During an audit, the auditor has always had a responsibility to evaluate whether there is substantial doubt about the entity’s ability to continue as a going concern for a reasonable period of time. Auditing standards further defined a reasonable period of time as one year beyond the date of the financial statements being audited. The auditor’s evaluation would include situations such as:
· Negative trends—for example, recurring operating losses, working capital deficiencies, negative cash flows from operating activities;
· Other indications of possible financial difficulties—for example, default on loans or similar agreements, denial of usual trade credit from suppliers, restructuring of debt, noncompliance with statutory capital requirements, need to seek new sources or methods of financing;
· Internal matters—for example, work stoppages or other labor difficulties, substantial dependence on the success of a particular project, uneconomic long-term commitments, need to significantly revise operations;
· External matters that have occurred—for example, legal proceedings, legislation, or similar matters that might jeopardize an entity’s ability to operate; loss of a key franchise, license, or patent; loss of a principal customer or supplier; uninsured or underinsured catastrophe such as a drought, earthquake, or flood.

If, after considering the identified conditions and events in the aggregate, the auditor believes that there is substantial doubt about the ability of the entity to continue as a going concern, the auditor should consider management’s plans for dealing with the adverse effects of the conditions and events. The auditor should obtain information about the plans, and consider whether it is likely that the adverse effects will be mitigated for a reasonable period of time. The auditor should also consider whether such plans can be effectively implemented based on the adequacy of information supplied by management. The auditor’s considerations relating to management plans may include the following:
· Plans to dispose of assets
· Plans to borrow money or restructure debt
· Plans to reduce or delay expenditures
· Plans to increase ownership equity

In October 2008, the Financial Accounting Standards Board (FASB) issued a proposed standard addressing going concern that would require management to consider all available information about the future in order to evaluate whether there is substantial doubt about the entity’s ability to continue as a going concern for a reasonable period of time. In addition, the proposed standard indicates that a reasonable period of time is at least, but not limited to, one year from the date of the current financial statements. The FASB believes that since financial statements belong to management, management should be evaluating going concern related matters and the potential disclosures that are associated with going concern problems.
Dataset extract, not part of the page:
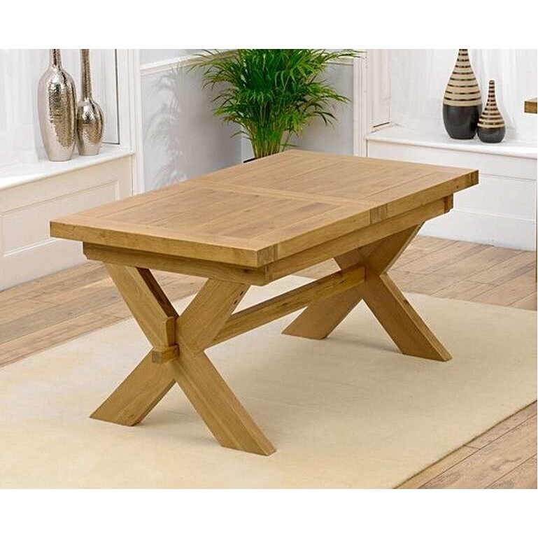 The Bordeaux 160cm Oak Extending Dining Table brings rustic charm and absolute reliability to any dining room or kitchen. Comfortably seating 4 people without extending and up to 6 when the extension is in place, the table is both elegant and incredibly versatile. Crafted from oak, the Bordeaux table is finished with a light lacquer that protects the wood and imparts a subtle sheen on the oak. The cross-leg design distinctive to the Bordeaux range enhances the durability of the table. When extra room is required, the internal extension mechanism with metal runners allows the table to extend to 200cm in an instant. When the table is not extended, the solid oak extension panel is stored inside the table for ultimate discretion and convenience. PLEASE NOTE: This is an ex-display item. All Ex-display items are non-refundable (excluding delivery damage and manufacturing faults).Ex-display items may show signs of standard wear and tear, however any significant marks or damages will be specifically stated below.

So now the standards are refined so that all information is considered while addressing the going concern of an entity. Why wasn’t this done before? Not refining the standard but looking at all the information surrounding an entity while analysing its going concern? Isn’t this something that should be normal?

The FASB believes that since financial statements belong to management, management should be evaluating going concern related matters and the potential disclosures that are associated with going concern problems.

Oh really……so before they belonged to the noobs who didn’t have anything to do with it!!!

The FASB is projecting to issue its final going concern standard in the fourth quarter of 2009, and that standard could be effective for the December 31, 2009 financial statements. Companies are encouraged to communicate early with their auditors to help avoid delays during the audit. The best way to avoid receiving a going concern opinion is to identify potential issues and establish a plan as early as possible. With the current economic conditions, many companies will be able to identify with at least one of the indicator situations mentioned above. Link Shawn

Going concern analysis has always been in place however this time some companies may actually have to create a plan and do more work to prove why it is a going concern. All thanks to ofcourse financial crises that made the "r" word common again.